*WHAT THE TASK REQUIRES*
All that is wanted is the exact text of the lines below from the one with "Stretch organic cotton" through the one with "12月12日ETF融券卖出额", inclusive, minus any pictures.

*GIVEN DATA*

● ● ●

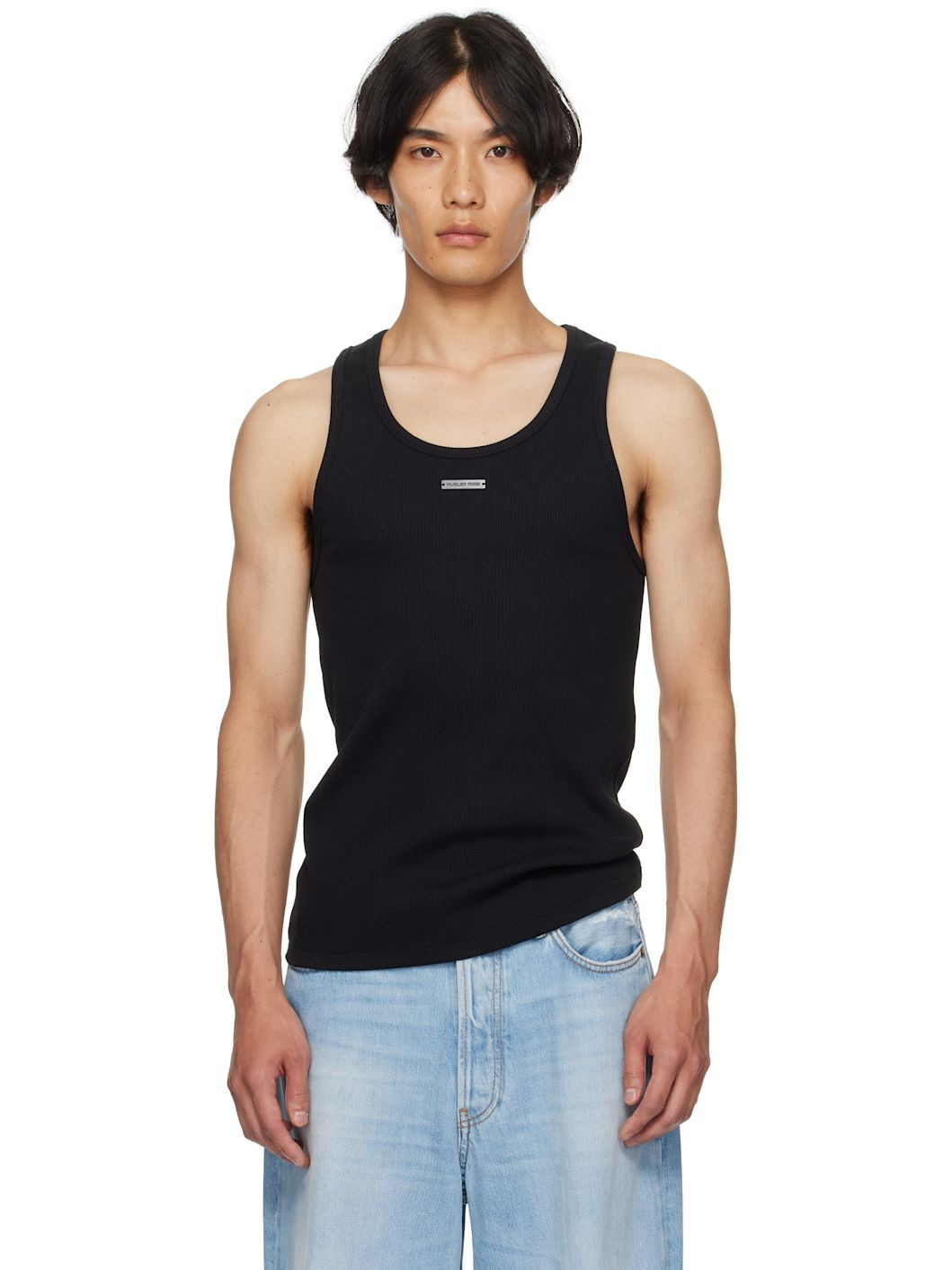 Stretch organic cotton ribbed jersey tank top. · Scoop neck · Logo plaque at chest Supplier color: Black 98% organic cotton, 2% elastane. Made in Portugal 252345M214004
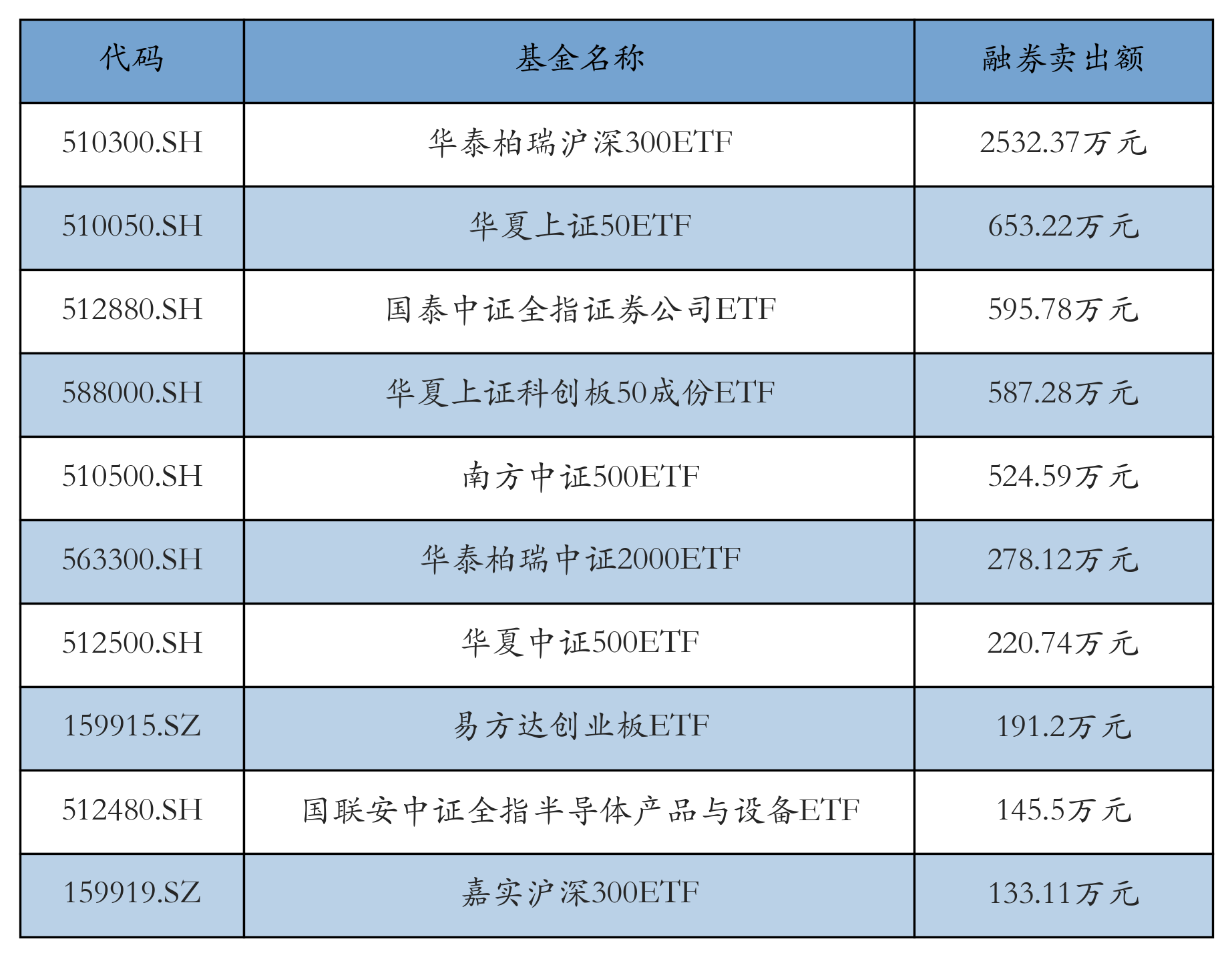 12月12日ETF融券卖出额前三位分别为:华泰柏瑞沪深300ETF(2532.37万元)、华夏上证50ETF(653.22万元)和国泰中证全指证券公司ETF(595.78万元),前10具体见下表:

● ● ●

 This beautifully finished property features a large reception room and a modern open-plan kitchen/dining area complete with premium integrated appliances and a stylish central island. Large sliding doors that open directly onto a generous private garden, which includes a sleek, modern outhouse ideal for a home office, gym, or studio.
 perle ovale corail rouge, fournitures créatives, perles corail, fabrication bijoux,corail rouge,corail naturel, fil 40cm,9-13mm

● ● ●

*RESPONSE TO THIS EXERCISE*
 Stretch organic cotton ribbed jersey tank top. · Scoop neck · Logo plaque at chest Supplier color: Black 98% organic cotton, 2% elastane. Made in Portugal 252345M214004
 12月12日ETF融券卖出额前三位分别为:华泰柏瑞沪深300ETF(2532.37万元)、华夏上证50ETF(653.22万元)和国泰中证全指证券公司ETF(595.78万元),前10具体见下表:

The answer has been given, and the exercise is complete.